RECORDS =>
===============

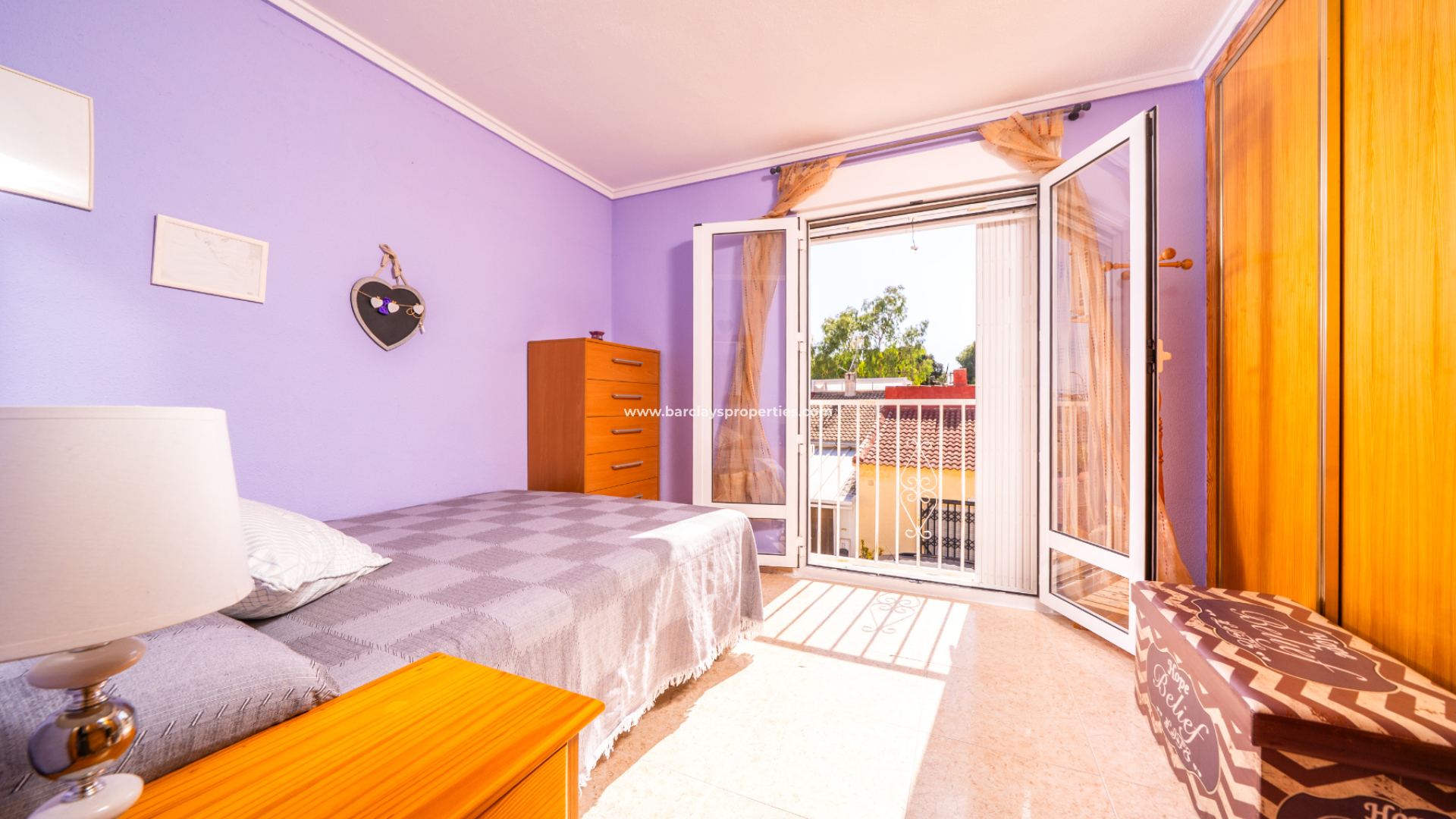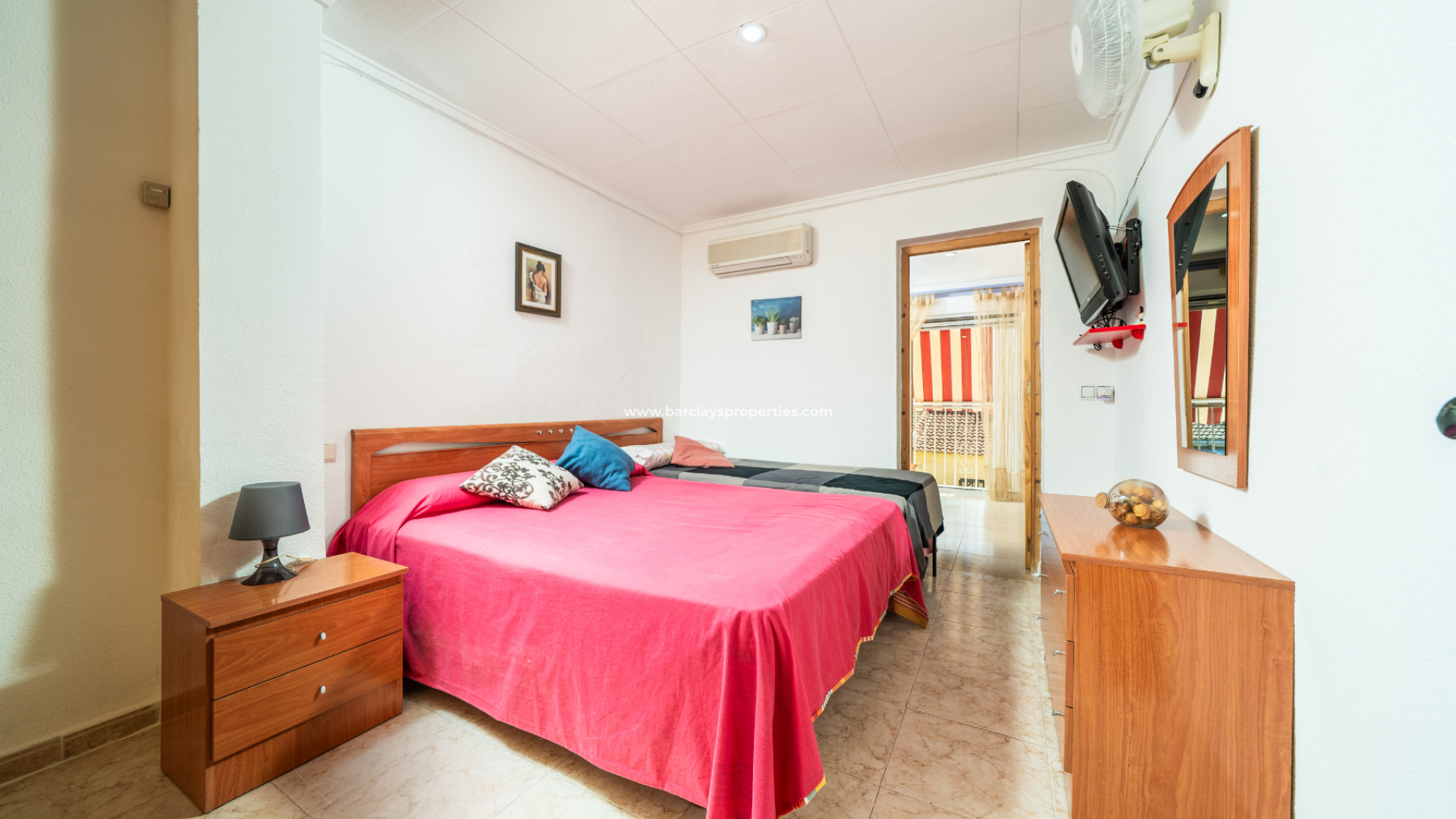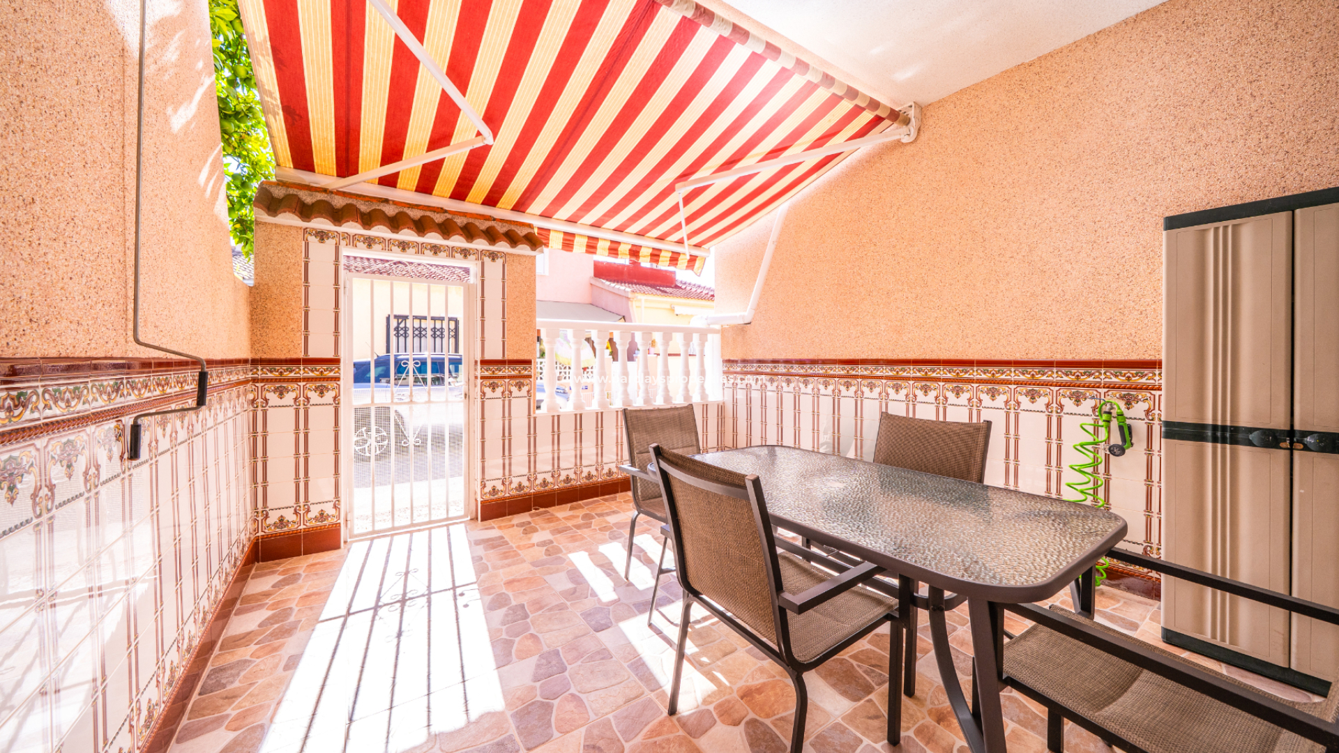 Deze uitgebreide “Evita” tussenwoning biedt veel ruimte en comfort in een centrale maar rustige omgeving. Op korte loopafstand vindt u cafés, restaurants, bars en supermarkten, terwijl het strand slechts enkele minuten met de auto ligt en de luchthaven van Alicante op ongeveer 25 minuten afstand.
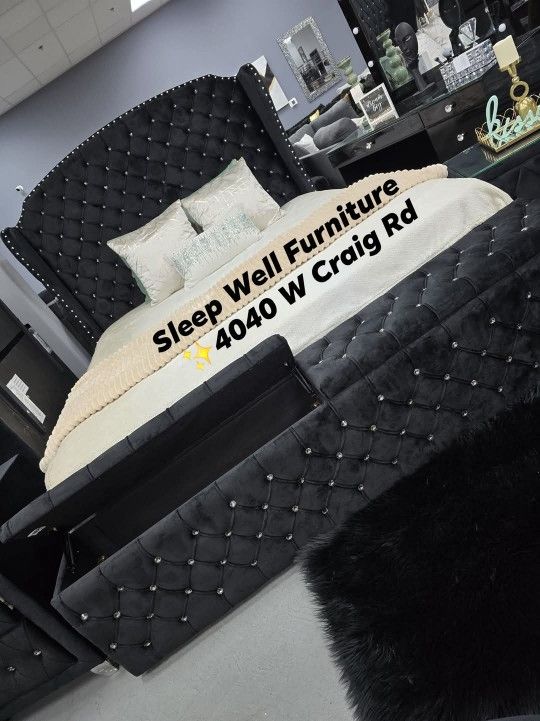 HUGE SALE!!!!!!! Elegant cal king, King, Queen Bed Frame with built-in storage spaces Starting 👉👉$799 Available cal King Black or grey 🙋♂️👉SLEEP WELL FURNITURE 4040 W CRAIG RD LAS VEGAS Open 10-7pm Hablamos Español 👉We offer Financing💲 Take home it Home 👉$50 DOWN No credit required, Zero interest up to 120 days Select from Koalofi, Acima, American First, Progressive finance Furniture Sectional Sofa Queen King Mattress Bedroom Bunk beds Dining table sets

===============

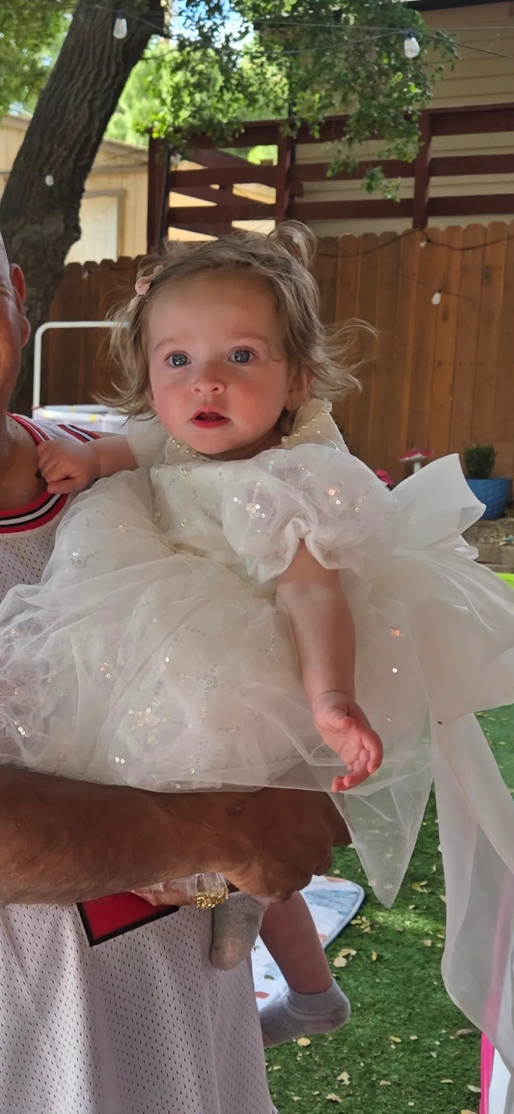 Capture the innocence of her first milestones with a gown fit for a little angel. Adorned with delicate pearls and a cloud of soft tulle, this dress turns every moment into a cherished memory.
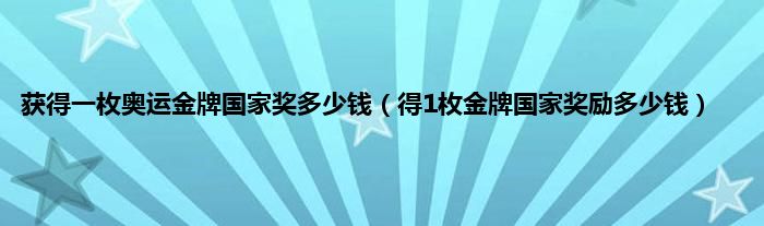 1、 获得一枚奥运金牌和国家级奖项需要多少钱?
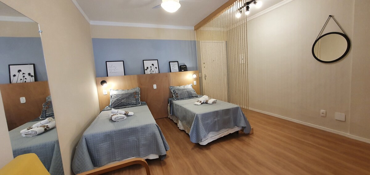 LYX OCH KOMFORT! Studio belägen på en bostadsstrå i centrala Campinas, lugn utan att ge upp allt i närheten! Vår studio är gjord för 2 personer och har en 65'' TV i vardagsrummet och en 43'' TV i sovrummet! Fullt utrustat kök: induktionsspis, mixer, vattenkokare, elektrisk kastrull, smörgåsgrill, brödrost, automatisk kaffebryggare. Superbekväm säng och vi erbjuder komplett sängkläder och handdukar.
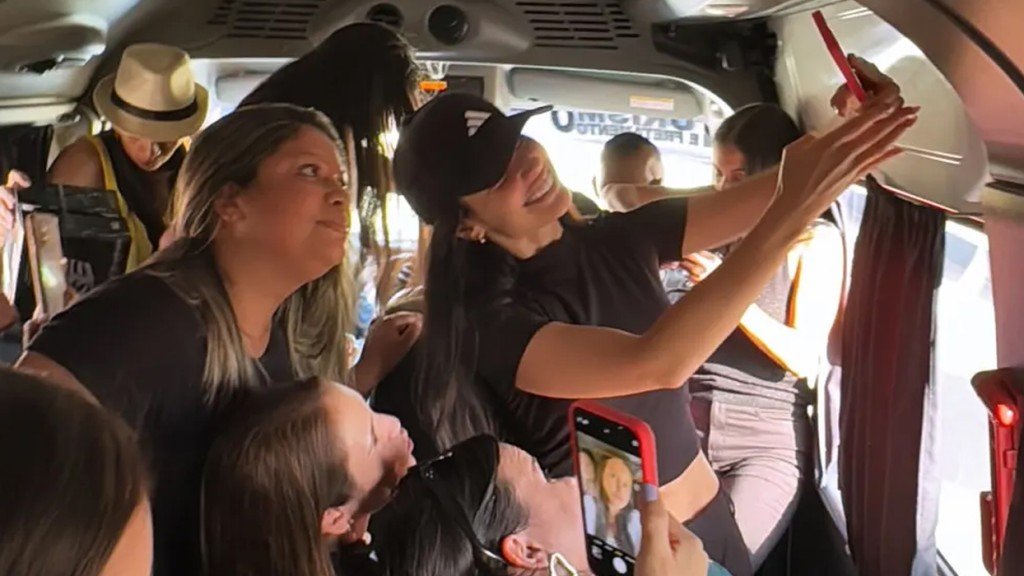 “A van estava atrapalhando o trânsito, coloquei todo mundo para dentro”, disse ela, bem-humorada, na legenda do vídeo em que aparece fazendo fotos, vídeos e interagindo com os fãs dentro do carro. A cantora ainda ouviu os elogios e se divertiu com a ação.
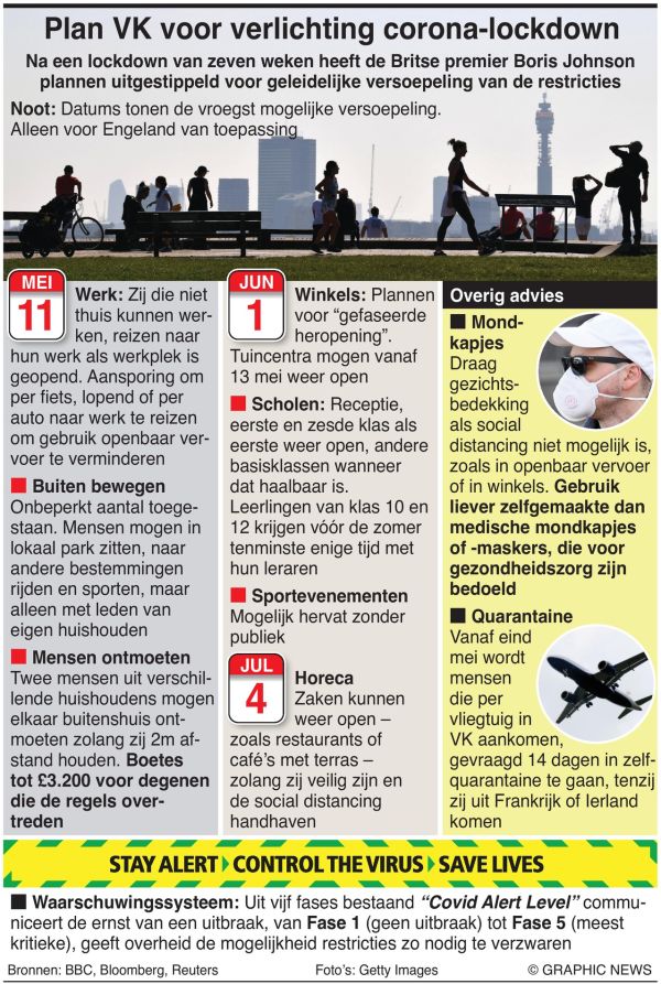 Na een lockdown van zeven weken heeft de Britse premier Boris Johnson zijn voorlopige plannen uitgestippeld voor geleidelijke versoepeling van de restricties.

===============

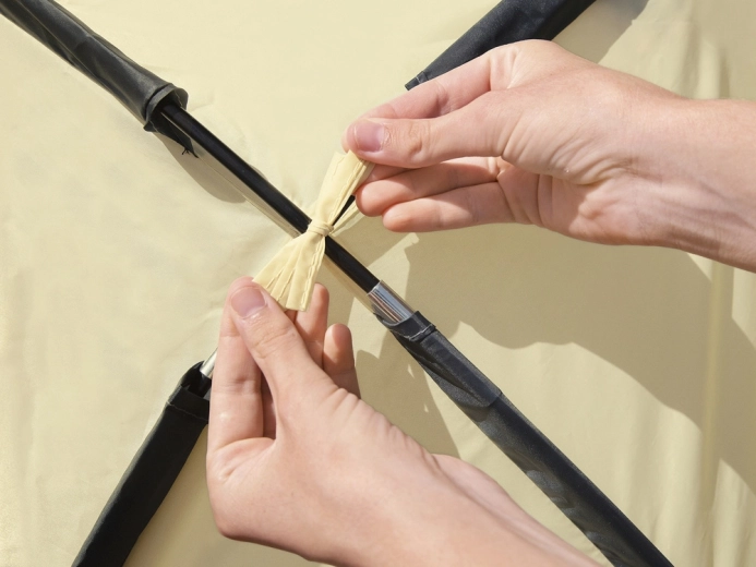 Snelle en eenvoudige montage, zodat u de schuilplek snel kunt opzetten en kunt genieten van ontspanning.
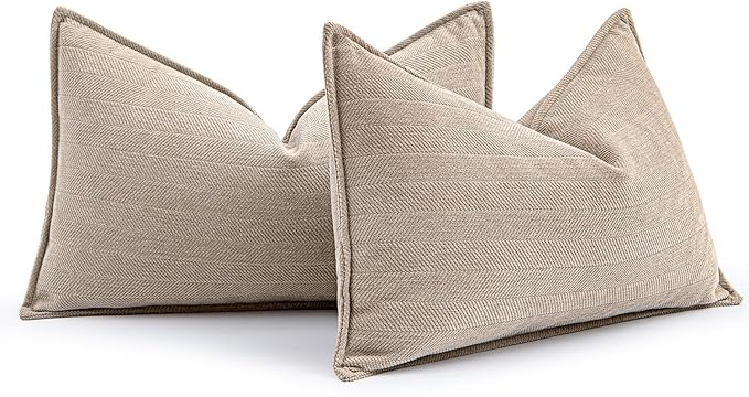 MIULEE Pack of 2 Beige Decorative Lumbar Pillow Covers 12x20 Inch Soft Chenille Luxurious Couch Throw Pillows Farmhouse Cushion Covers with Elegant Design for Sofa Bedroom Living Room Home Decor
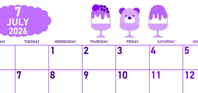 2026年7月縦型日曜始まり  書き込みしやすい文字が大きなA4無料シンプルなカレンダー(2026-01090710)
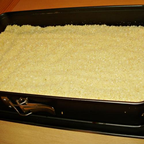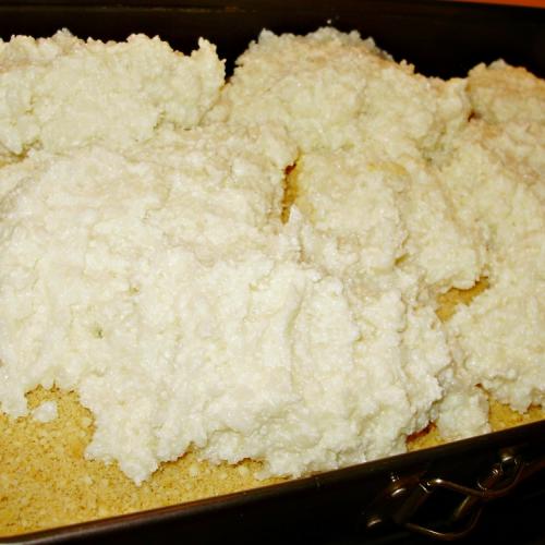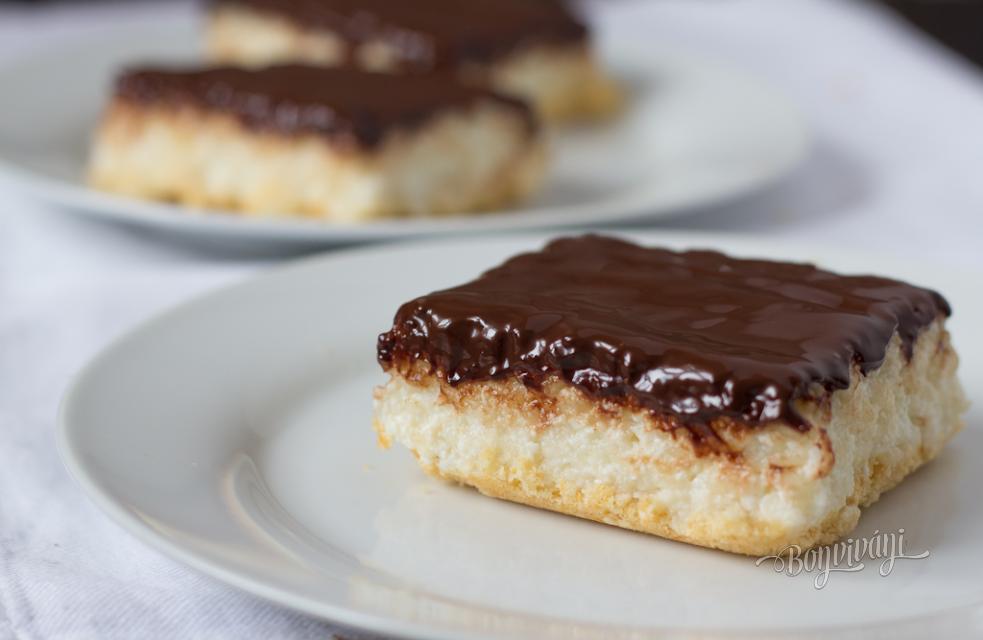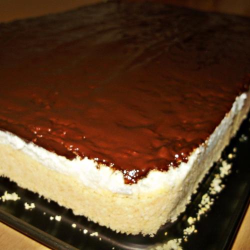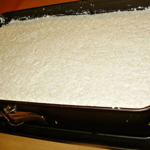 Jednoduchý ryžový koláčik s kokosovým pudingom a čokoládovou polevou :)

===============

PROBLEM DESCRIPTION => Look back at the data above, then output exactly the lines from the line holding "Capture the innocence" up to and including the line holding "1、 获得一枚奥运金牌和国家级奖项需要多少钱?". Leave out the pictures.

REPLY TO THE EXERCISE =>
 Capture the innocence of her first milestones with a gown fit for a little angel. Adorned with delicate pearls and a cloud of soft tulle, this dress turns every moment into a cherished memory.
 1、 获得一枚奥运金牌和国家级奖项需要多少钱?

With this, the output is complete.